An increase in energies does not work in relation to the reaction (24) increased charge rates during the deposition according to (22), they tend to lead to accelerating reduction resolution and to reduce efficiency according to W 512, as can be seen in some experiments.

6. The following boundary conditions thus result for the device and the method according to the present claims:

• - Voltage below the electrolysis limit (UspA) for water to avoid Oxyhydrogen and nitrite formation,
• - Shift of the frequencies in the mHz range with high hardness or temporary dismantling of disordered layers,
• - normal driving at higher frequencies and low energy consumption.

Fig. 01 shows the three areas of efficiency described:

• - Range ( 01 ) 0-10% effect, high-frequency alternating field with a back reaction close to 100%,
• - Range ( 02 ) efficiency by a maximum of 40%, with cascades close to 50% using higher-frequency alternating fields and structured electrodes (curve 04 ),
• - Area ( 03 ) up to 100% reduction in deposits.

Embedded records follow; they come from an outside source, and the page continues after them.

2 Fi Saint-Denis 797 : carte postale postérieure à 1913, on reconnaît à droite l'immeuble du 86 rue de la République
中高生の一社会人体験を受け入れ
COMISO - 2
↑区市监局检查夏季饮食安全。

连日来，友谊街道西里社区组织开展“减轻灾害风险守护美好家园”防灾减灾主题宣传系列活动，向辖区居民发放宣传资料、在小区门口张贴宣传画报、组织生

This area ( 03 ) can be reached by electrolysis without structured electrodes (curve 05 ) or by undervoltage deposition with large-area structured electrodes (curve 06 ).

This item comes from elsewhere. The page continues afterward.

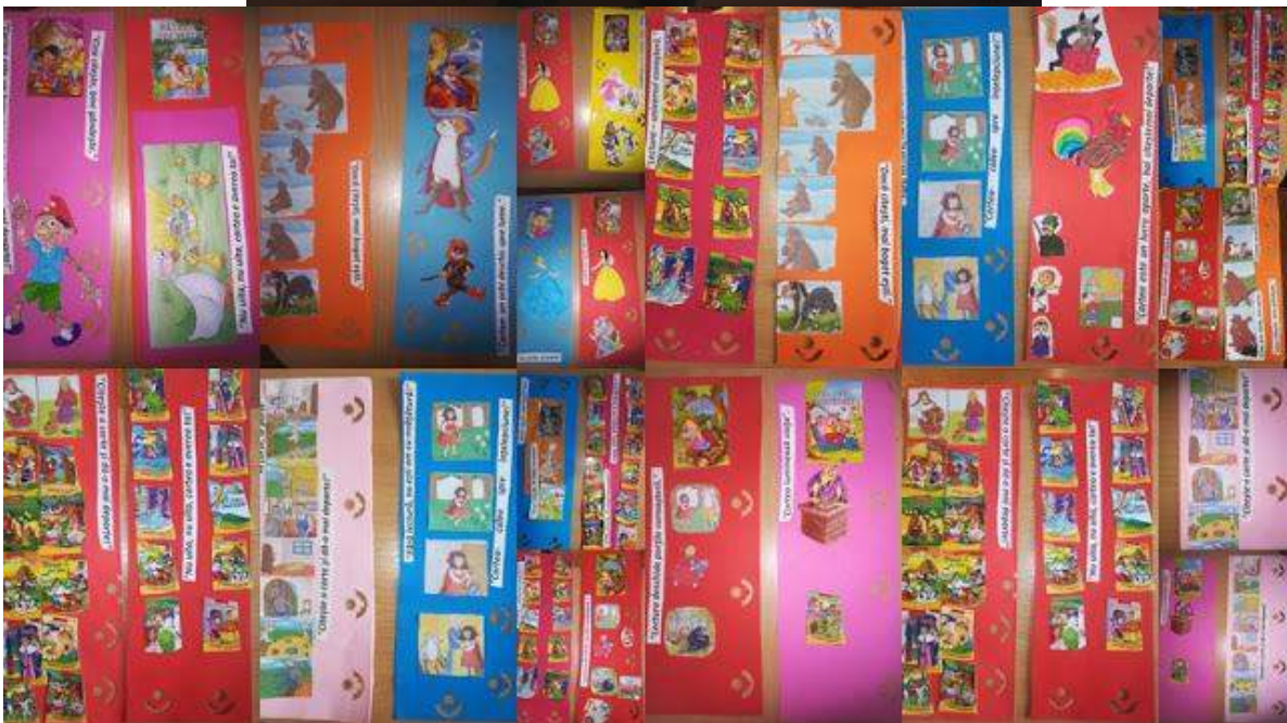
"Cartea în viața cotidiană- da sau nu?"- Activitatea nr.2- în cadrul Proiectului educativ județean "Cartea- prietena mea"- Clasa Pregătitoare B- Școala Gimnazială "Ion Creangă" Buzău

The diagram in Fig. 02 shows the current-voltage curves of a large-area winding module. At higher frequencies, the curve corresponds to a normal ohmic specification ( 10 ). When the frequency is reduced, the reaction polarization of the water decomposition becomes noticeable. However, the total resistance is made up of the sum of the reaction, concentration, diffusion and transition resistances. The extrapolated terminal voltage for hydrogen formation ( 08 ) is considerably higher than the thermodynamic size of 1.23 volts, it can be derived approximately from the curves ( 09 a). The curve ( 09 b) describes the oxygen conversion according to (21).

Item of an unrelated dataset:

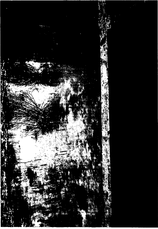
TERRENO BALDIO >> SOBRE BAHIA CAMBACERES Y SUBCOMISARIO MEDINA > BARRIO ALTOS DE MIRADOR

Fig. 03 shows the reduction of a relative particle density at higher frequencies by about 30 to 40% and an increase in this reduction by a factor of 2-3 when the frequencies are shifted (triangular voltage, constant maximum current, treatment time 4 h). In the direction of the arrow ( 11 ), in the direction of lower frequencies, the pH value drops and the CO ₂ content increases. The layer formation increases in the direction of the arrow ( 10 ) and the risk of corrosion drops; however, a reduction in uncontrolled stone formation persists over a wide frequency range.

Claims (7)

1. Method and device for intrinsically and corrosion-proof and in addition to low-reaction reduction of carbonate or carbonate-metal oxide mixed crystal formation on heat exchanger surfaces and pipelines in water which contain dissolved earth alkali hydrogen carbonates in the carbon dioxide-stabilized equilibrium, with the aid of electrical impulses, characterized in that

• a) these current pulses in the range from 10 ⁴ Hz (kHz) to 10 ^-3 Hz (mHz) are introduced into the water between two electrodes,
• b) the charge (As) of the current impulses, as an integral current value over time, accounts for 1 to a maximum of 20% of the charge quantities of the hydrogen carbonate anions dissolved in the process water volume,
• c) the voltages for generating the current pulses are kept below the decomposition voltage of the water.

2. The method and device according to claim 1, characterized in that the Have pulses in the frequency range mentioned rectangular, triangle or sine shape. 3. The method and device according to claims 1 and 2, characterized records that all electrode parts that are in contact with the water are made of oxidation stable or at least carbon materials. 4. The device according to claim 3, characterized in that the carbon materials from activated carbon, carbon, graphite structures, preferably from carbon, or Graphite felt or papers exist.   5. The method and device according to claim 1, characterized in that the Hydrogen carbonate / carbonate balance shift using pH sensor detec is tiert and the frequencies when the pH value increases or when the pH value can be lowered. 6. The method and device according to claim 1, characterized in that the Voltage setting is controlled or controlled via a dissolved gas sensor. 7. The method and device according to the preceding claims, characterized ge indicates that the formation of a uniform top layer by frequency shift to higher values (kHz) or the degradation of a disordered stone education achieved by shifting the frequency in the lower range (mHz) becomes.